Wow, mind blown. Duplication is not always wrong? That is revolutionary thinking! But actually, it makes perfect sense, and most of us know this subconsciously. Have you ever written some specialized data structure, or wrapped a library class to serve some slightly more specific purpose? Probably. Did you think what you were doing was groundbreaking? Did you envision yourself patenting your invention, publishing it in a prestigious scientific journal, and ultimately receiving the Turing Award in recognition of your unassailable ingenuity? Probably not. You created a convenient solution for a specific problem — a domain-specific problem. The same solution likely exists elsewhere, but for a different problem in a different domain.

A row of matching houses; superficially similar, yet undeniably independent.

Let’s say you need to describe the “size” of strings in three categories: small, medium, and large. Your requirement states that strings under 1,000 characters in length are considered small. Between that and 100,000 they’re considered medium. Beyond that, they’re large. For your project, you will use these classifications to decide how to persist data. Small data will be cached, medium data will be written to flat files, and large data will be stored in a remote database.

After spelunking through the codebase for some time, you discover that an engineer on Team X has already created a class called StringSizer for their project. As if by cosmic destiny, they define their sizes the exact same way! Surely, any diligent programmer would not rewrite the exact same code. No, that wouldn’t be DRY. Instead, you reuse the StringSizer from Team X and proceed happily to complete your project. The code works, the stakeholders are satisfied with your deliverable, and the feature ships.

Fast forward to the next release, and Team X has received some feedback from the end-users. Their feature, an archiving tool that uses StringSizer to provide a user-friendly description of log files, has some new requirements. Turns out, most of these log files are much longer than 100,000 characters. Some are even hundreds of millions of characters long! They quickly get to work updating StringSizer with the new specifications: Strings under 1 million characters are small. Between 1 and 100 million, they are medium. Above that, they are large. Again, the code works, the stakeholders are satisfied with the results, and the update is released to the customers.

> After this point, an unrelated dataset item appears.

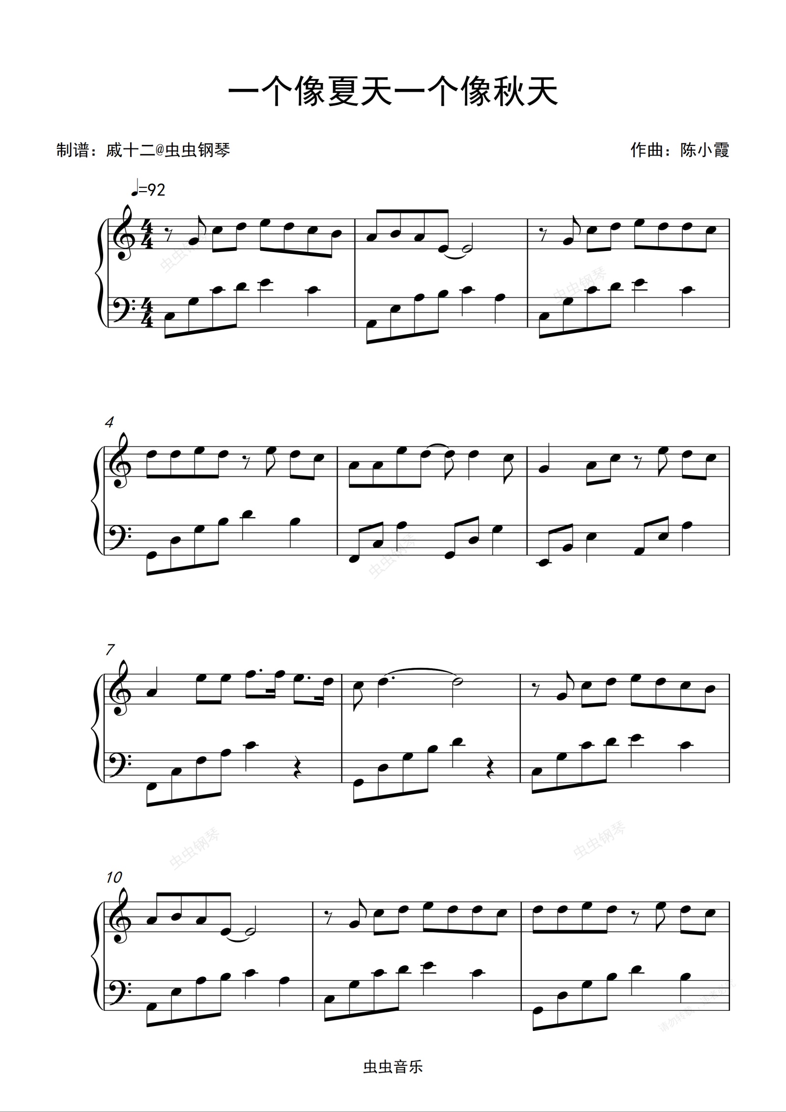 钢琴谱:一个像夏天一个像秋天-C调简单版

Suddenly, complaints start coming in of crashing servers, out-of-memory errors, hard disks flooded with gigantic temporary files, and surprisingly low database activity. Team X’s change has caused your feature to flood the heap and the filesystem with an enormous amount of data. Ouch!

The problem is, even though the code was exactly the same, the requirements were never the same. The high-level policies of these two projects were never aligned. What appeared to be duplication was just an illusion — a dangerous illusion indeed.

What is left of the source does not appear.